The federal government should make one-off contributions of up to $5000 into the superannuation accounts of low-income earners who accessed their retirement savings early, a lobby group has argued.
The Australian Institute of Superannuation Trustees (AIST) on Monday released new analysis showing almost one million young workers who accessed the government’s early super access scheme had either emptied their accounts or reduced their balances to less than $1000.
Amid mounting evidence of the recession’s disproportionate impact on young people, the analysis also found that young workers were twice as likely to empty their superannuation accounts as members aged over 35.
AIST said more than 73,000 Australians had lost their insurance cover as a result, and noted women were more likely to have emptied their super accounts than men.
Economists have suggested this is because women were overrepresented in industries affected by lockdowns and accounted for a larger share of short-term, casual jobs, which were excluded from JobKeeper.
AIST chief executive Eva Scheerlinck said the financial burden of the early super access scheme fell most heavily on “those already experiencing disadvantage and the many Australians who were already facing a retirement savings shortfall”.
She said these Australians would struggle to make up the lost ground without government intervention, as the cost of withdrawals compounds over time.
According to Treasury’s Retirement Income Review, the average 30-year-old who took out $20,000 in early withdrawals will have $40,300 less in their super by the time they retire.
To help low-income earners rebuild their savings, AIST wants the government to make a one-off contribution of up to $5000 into the superannuation accounts of Australians who earn less than $39,837 a year, accessed their super early, and met the scheme’s eligibility criteria.
“This would be the most effective way to close the COVID super gap for these Australians,” the group will argue in its pre-budget submission.
“[The one-off] contribution would be set at a quarter of the value of the super the member accessed and be capped at a maximum $5000 contribution for those who accessed the full $20,000.”
Labor’s financial services spokesman Stephen Jones told The New Daily his party welcomed “constructive suggestions about how to repair the damage done to super by the government’s flawed early access scheme”.

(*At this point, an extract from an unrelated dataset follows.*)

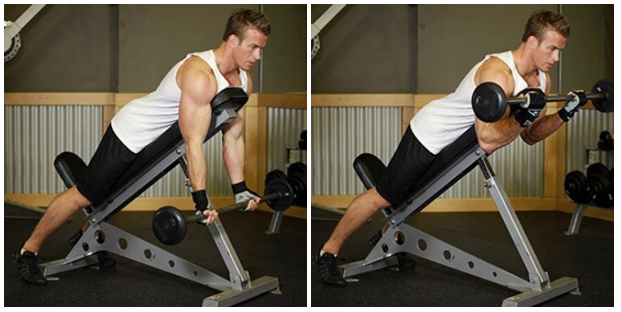 12 : Barbell Curls Incline – Bài tập cơ tay trước Cuốn tạ đòn thẳng, ghế nghiêng

But he said their first priority was to ensure the Coalition went ahead with the legislated increases in the superannuation guarantee, which start in July.
“The main game is 12 per cent,” he said.
“Fighting the Morrison government’s plan to cut super and force retirees to sell their house is our focus.”
Brendan Coates of the Grattan Institute, meanwhile, said there were more effective ways of keeping Australians out of poverty in retirement than one-off super payments for low-income earners.
“If the concern is poverty, then there are much more direct ways to fix that than putting $5000 into someone’s superannuation account on the expectation that some of those people will struggle [when] they reach retirement, when many others won’t,” Mr Coates said.
“It’s not targeted, because at the point in time when you’re giving them the money, you’ve got very little sense about whether that particular group – particularly if they’re early in their life and have taken out super – is likely to end up struggling long term.”
Mr Coates told The New Daily the money would be better spent on lifting the permanent rate of JobSeeker and boosting Commonwealth Rent Assistance.
But while Ms Scheerlinck agreed that both payments should be increased, she said AIST’s proposal was addressing a different issue.
“Our focus, with this proposal, is for improving the financial security in retirement of low-income earners and ensuring that future taxpayers are protected from having to fund ballooning pension costs,” Ms Scheerlinck told The New Daily.
It’s about recognising that many low-income earners and women will not be in a position to make up their COVID super gap over their working lives.
“It’s also about intergenerational equity – if more people are on the pension in future years, every young person today will have to pay more tax in the future to fund higher age pension costs.”
Treasury’s review found that the age pension alone was enough to guarantee the bottom 30 per cent of income earners had the same standard of living in retirement as they did during their working lives.
Asked if the federal government would consider AIST’s proposal, Senator Jane Hume said the best way to help young workers rebuild their savings was to “do everything we can to help them get back into a job soon”.
“The early release of super scheme was not compulsory – it was a flexible option and almost three million Australians weighed up the decision, and decided that withdrawing their super was the best financial decision for them,” she told The New Daily.
“We know that the majority of Australians have spent this money paying down their mortgages, paying down debt and paying off credit cards. That’s responsible.”